--- What this task involves ---
Since the listing below shows pictures, leave them out and write out exactly the lines from the line with "前身頃と袖にはペーパーフリン" to the line with "2021下册五年级语文人教版 第八单元——21 杨氏之子", both included, and no others.
═══ Data for this exercise
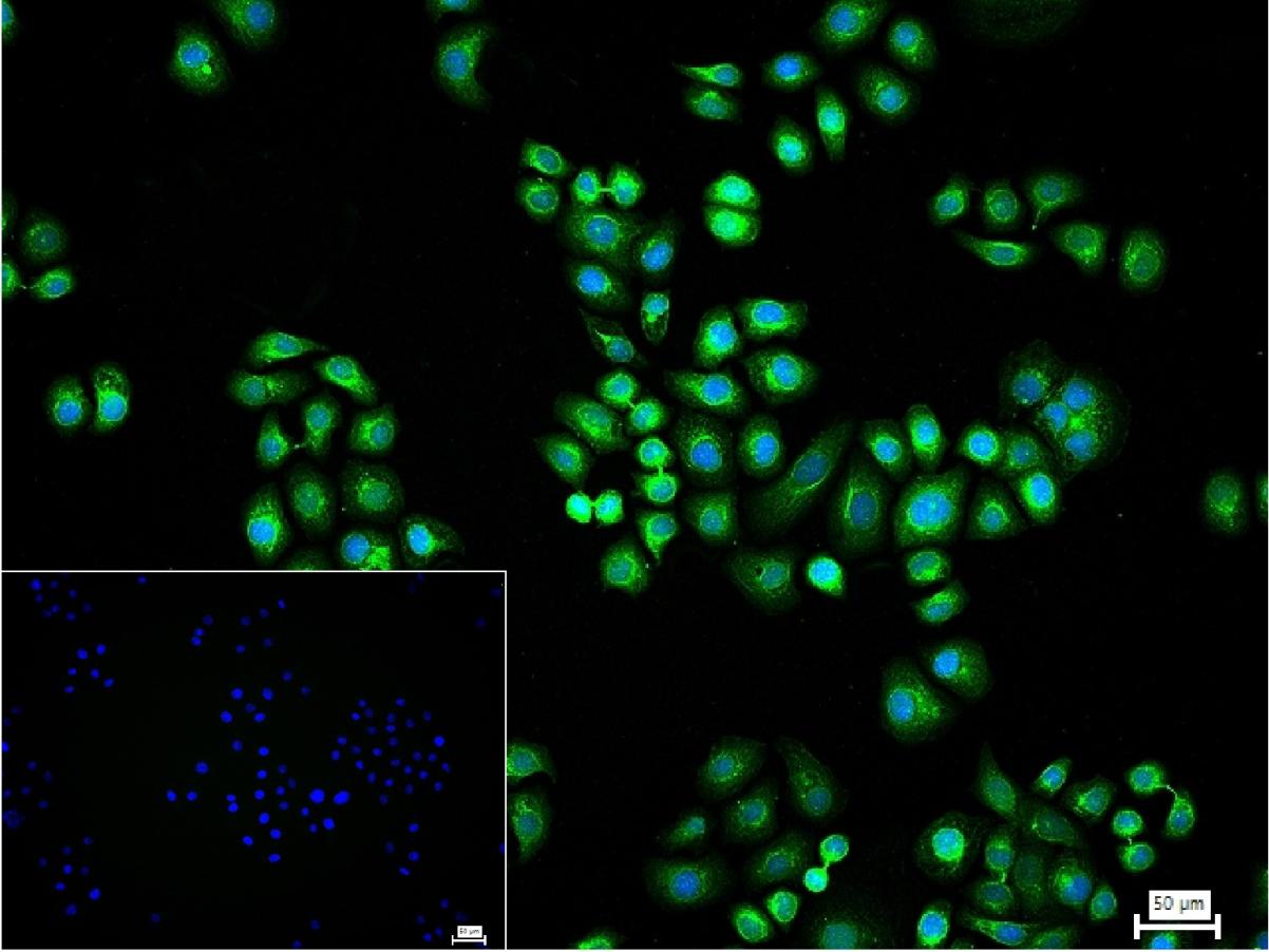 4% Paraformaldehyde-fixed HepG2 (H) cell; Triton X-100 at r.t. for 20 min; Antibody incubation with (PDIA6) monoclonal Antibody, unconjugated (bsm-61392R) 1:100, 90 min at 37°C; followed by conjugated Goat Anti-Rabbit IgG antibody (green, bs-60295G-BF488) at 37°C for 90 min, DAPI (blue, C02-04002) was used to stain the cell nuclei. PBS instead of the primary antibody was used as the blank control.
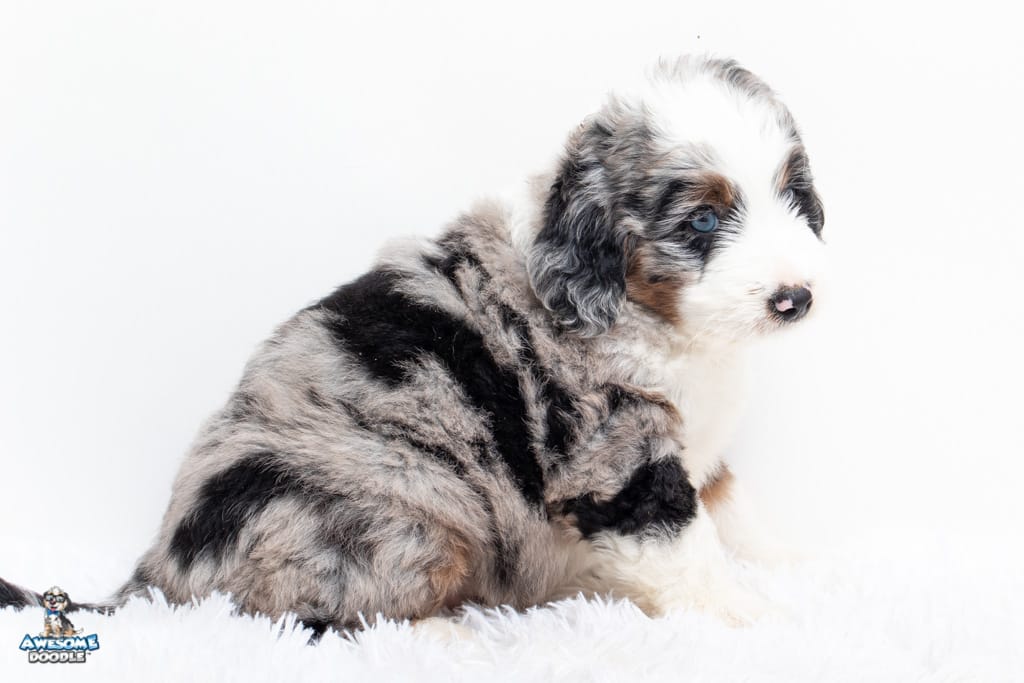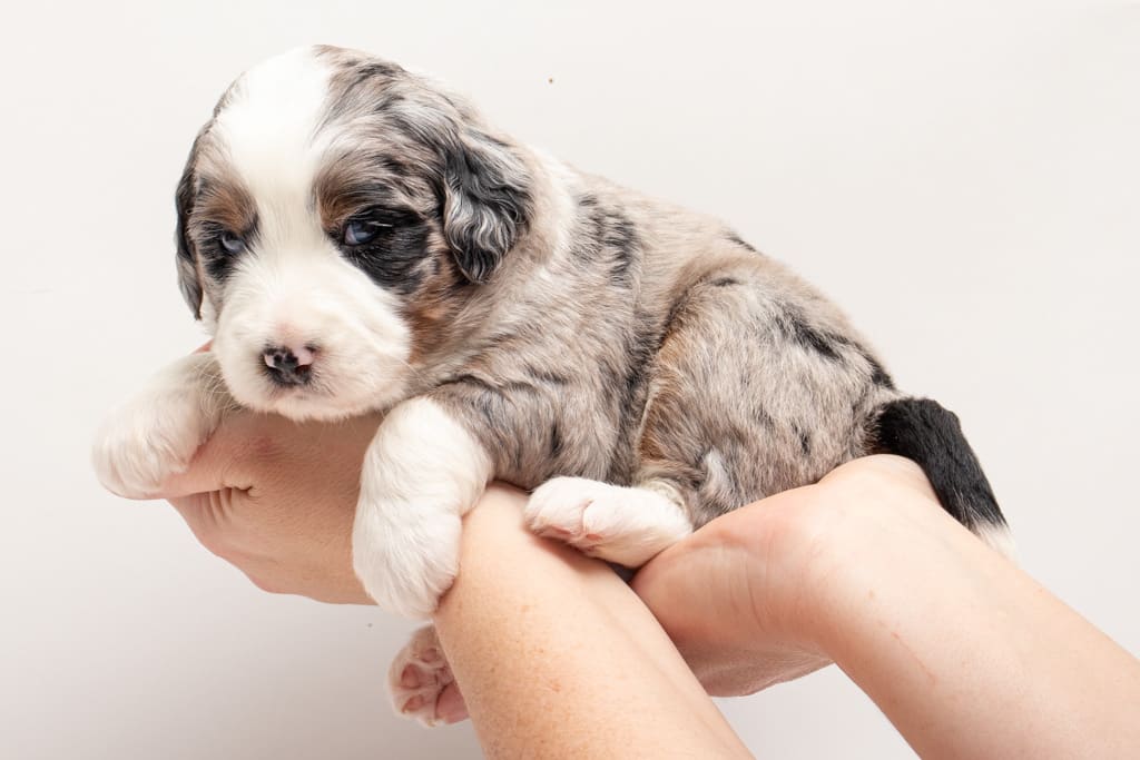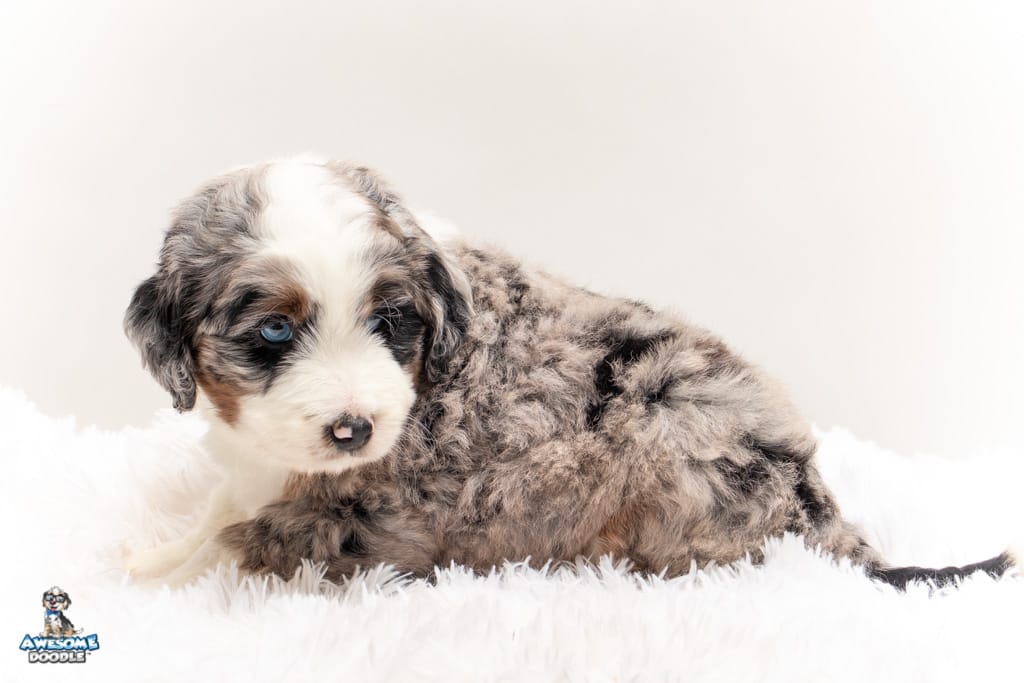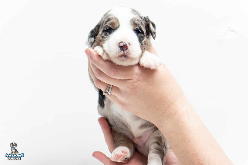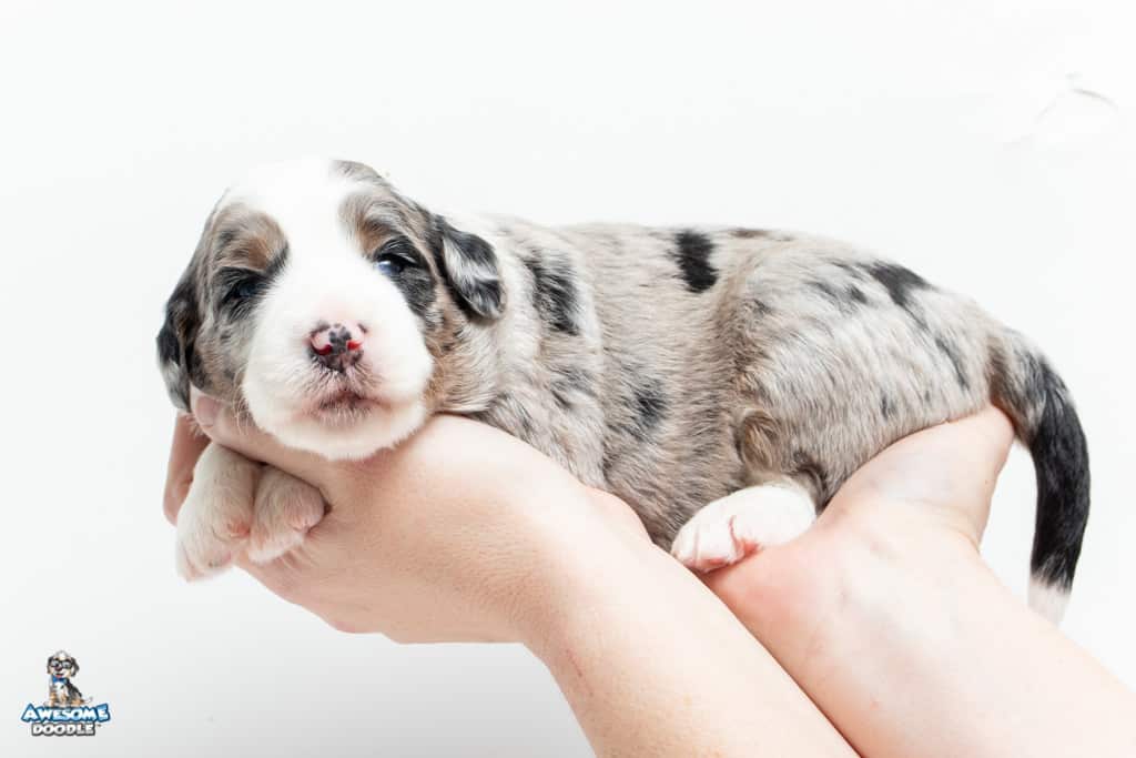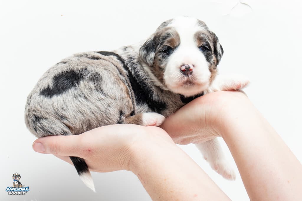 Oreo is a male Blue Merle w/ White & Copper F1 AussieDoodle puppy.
══════
═══ Data for this exercise
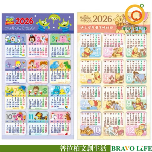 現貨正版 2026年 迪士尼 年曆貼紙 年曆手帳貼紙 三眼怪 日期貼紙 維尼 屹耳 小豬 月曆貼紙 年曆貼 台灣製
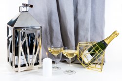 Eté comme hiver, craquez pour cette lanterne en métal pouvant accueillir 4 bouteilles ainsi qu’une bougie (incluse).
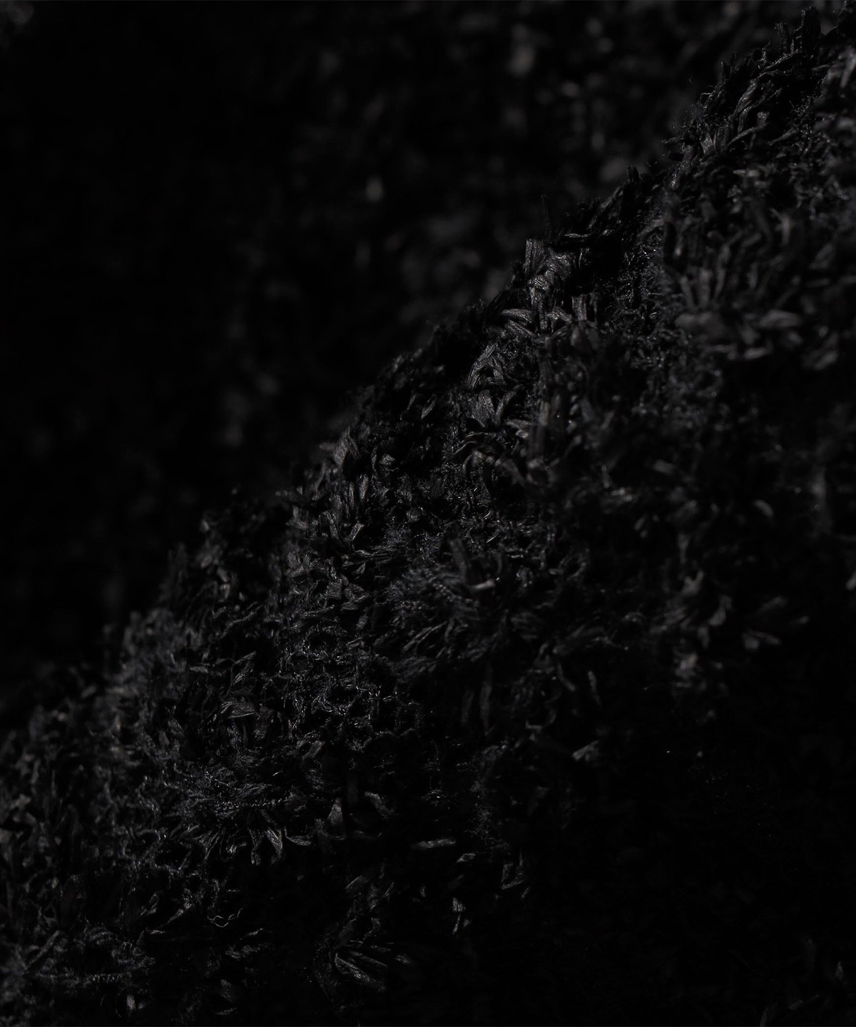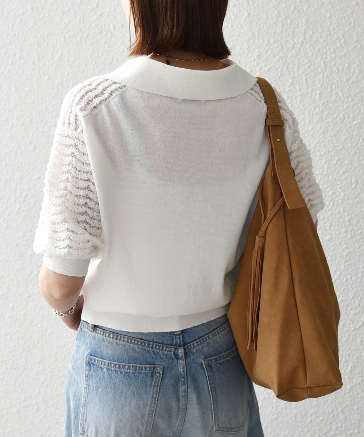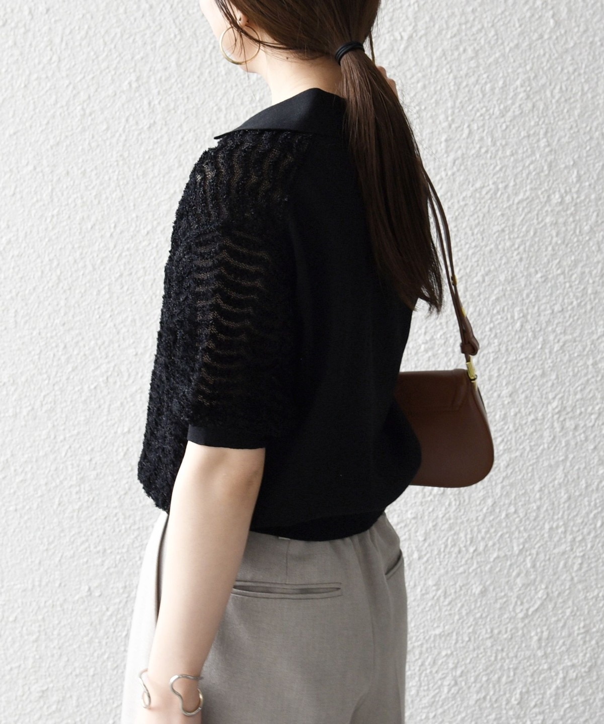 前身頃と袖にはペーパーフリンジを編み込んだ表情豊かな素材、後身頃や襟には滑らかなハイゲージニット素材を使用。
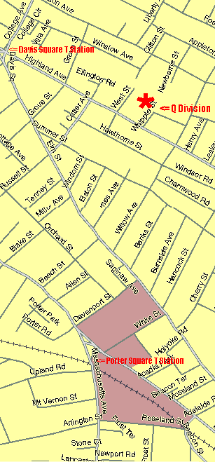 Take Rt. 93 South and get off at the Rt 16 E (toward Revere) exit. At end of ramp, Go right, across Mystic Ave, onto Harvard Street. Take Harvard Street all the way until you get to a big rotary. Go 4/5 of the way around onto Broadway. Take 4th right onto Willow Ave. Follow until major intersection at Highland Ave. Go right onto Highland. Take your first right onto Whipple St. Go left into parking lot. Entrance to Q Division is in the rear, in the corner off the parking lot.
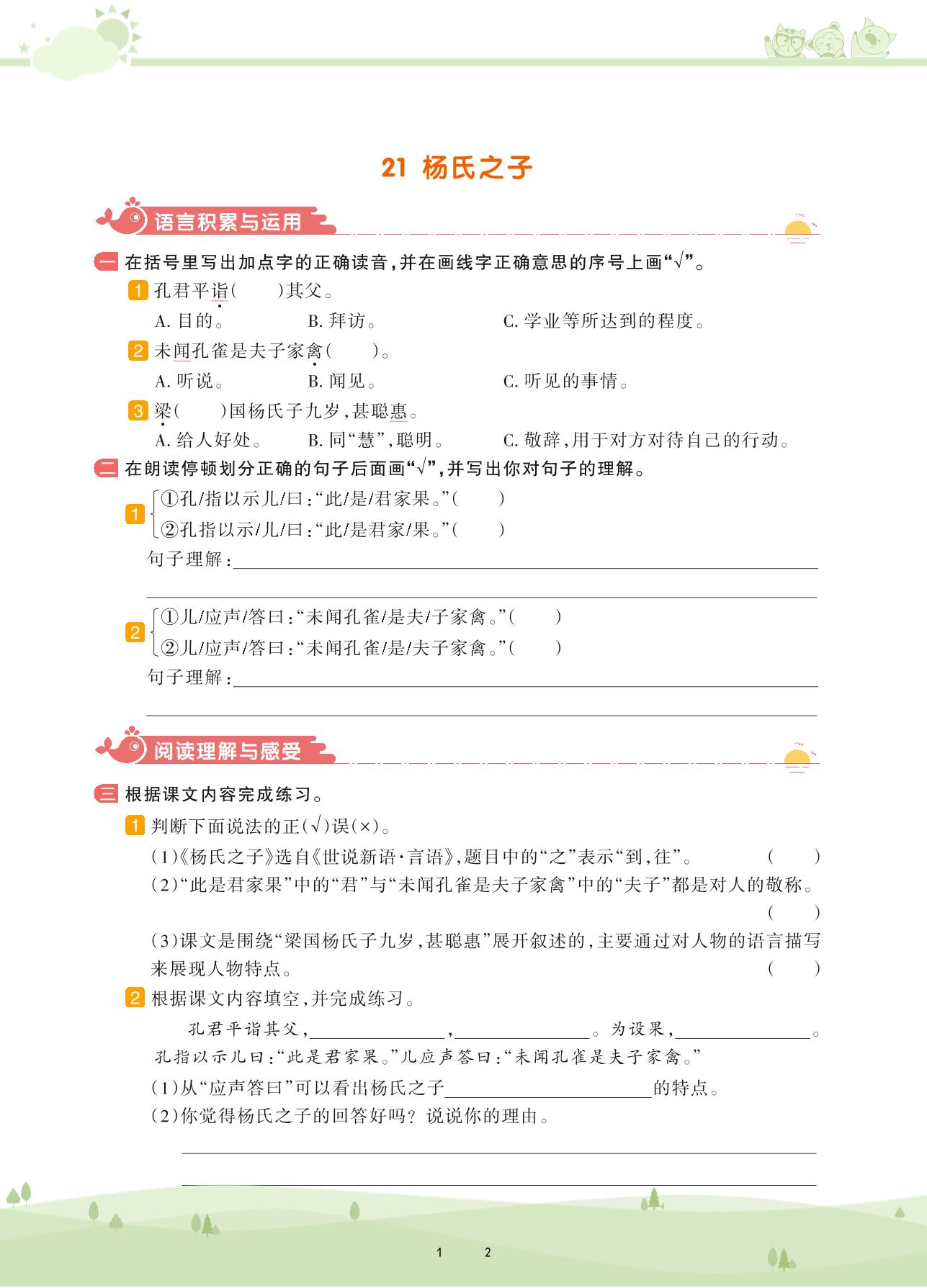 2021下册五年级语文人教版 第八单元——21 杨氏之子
══════
--- The answer ---
 前身頃と袖にはペーパーフリンジを編み込んだ表情豊かな素材、後身頃や襟には滑らかなハイゲージニット素材を使用。
 Take Rt. 93 South and get off at the Rt 16 E (toward Revere) exit. At end of ramp, Go right, across Mystic Ave, onto Harvard Street. Take Harvard Street all the way until you get to a big rotary. Go 4/5 of the way around onto Broadway. Take 4th right onto Willow Ave. Follow until major intersection at Highland Ave. Go right onto Highland. Take your first right onto Whipple St. Go left into parking lot. Entrance to Q Division is in the rear, in the corner off the parking lot.
 2021下册五年级语文人教版 第八单元——21 杨氏之子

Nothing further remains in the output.